There was, of course, a price to be paid for this profligacy, and, by the end of the 1970s, the bills were coming in. Our branch plant economy was largely American controlled (81% in the case of petroleum). We suffered a deficit in manufacturing goods with every trading partner. Seventy-four per cent of our imports were manufactured. Employment refused to respond to monetary or fiscal tinkering. It was also becoming clear that Americans were determined to create non-tariff barriers to protect their interests. Indeed, even sectors of the economy regulated by bilateral agreements were in trouble because industries were rapidly establishing themselves internationally. When Reagan's nationalistic Republicans stormed the White House the stage was set for confrontation. It came when Trudeau's resurrected government found its own form of nationalism and brought forth the National Energy Program (NEP) and the Foreign Investment Review Agency (FIRA). American reaction was intemperate, and aggressive congressmen soon forced the political battle zone to such fronts as defence, the United Nations, fisheries, environmental pollution, and public broadcasting. Considering the harmonious relations of the past, the term, "crisis," was undoubtedly justified.
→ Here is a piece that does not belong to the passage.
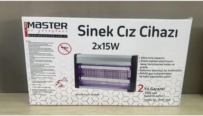 Watt Mor Işıklı Yeni Nesil Sinek Öldürücü 2x15W Cızz Sivrisinek Yokedici Tavana Asılan 2 Lambalı
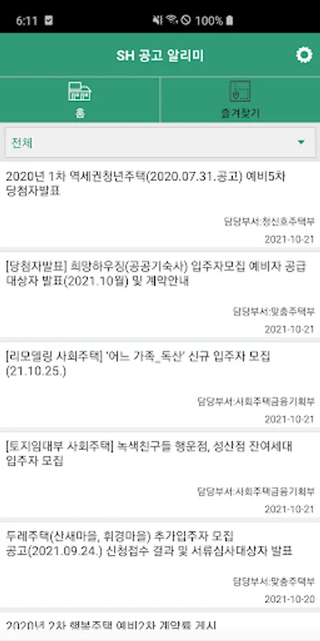 2. Favorites - You can check the announcements you are interested in at a glance through the region and status.

It is at this point that Stephen Clarkson, a political scientist from the University of Toronto, takes up his examination of Canadian-American relations. It is a penetrating analysis with a foundation of painstaking scholarship. His preparatory work included over two hundred interviews and an exhaustive document search that resulted in more than thirty pages of explanatory notes. The style, however, is that of the investigative journalist. In no way is it pretentiously academic.

This revised edition was written to let the author explore his thesis that Mulroney, a very Americanized prime minister, has given the green light for colleagues such as Michael Wilson and Sinclair Stevens to shape policies according to continental priorities in the hope that the United States will once more grant us special economic consideration. His treatise duals in detail with specific events of only one decade, but it poses problems that are seminal to the very existence of an independent Canada. Perhaps all that really needs to be said is that the book is dedicated to the Honourable Walter L. Gordon. That automatically makes it essential reading for any serious Canadian nationalist, it is a must for every college, public, and senior high school library in Canada.

Howard Hurt, Curriculum Laboratory, University of British Columbia, Vancouver, B.C.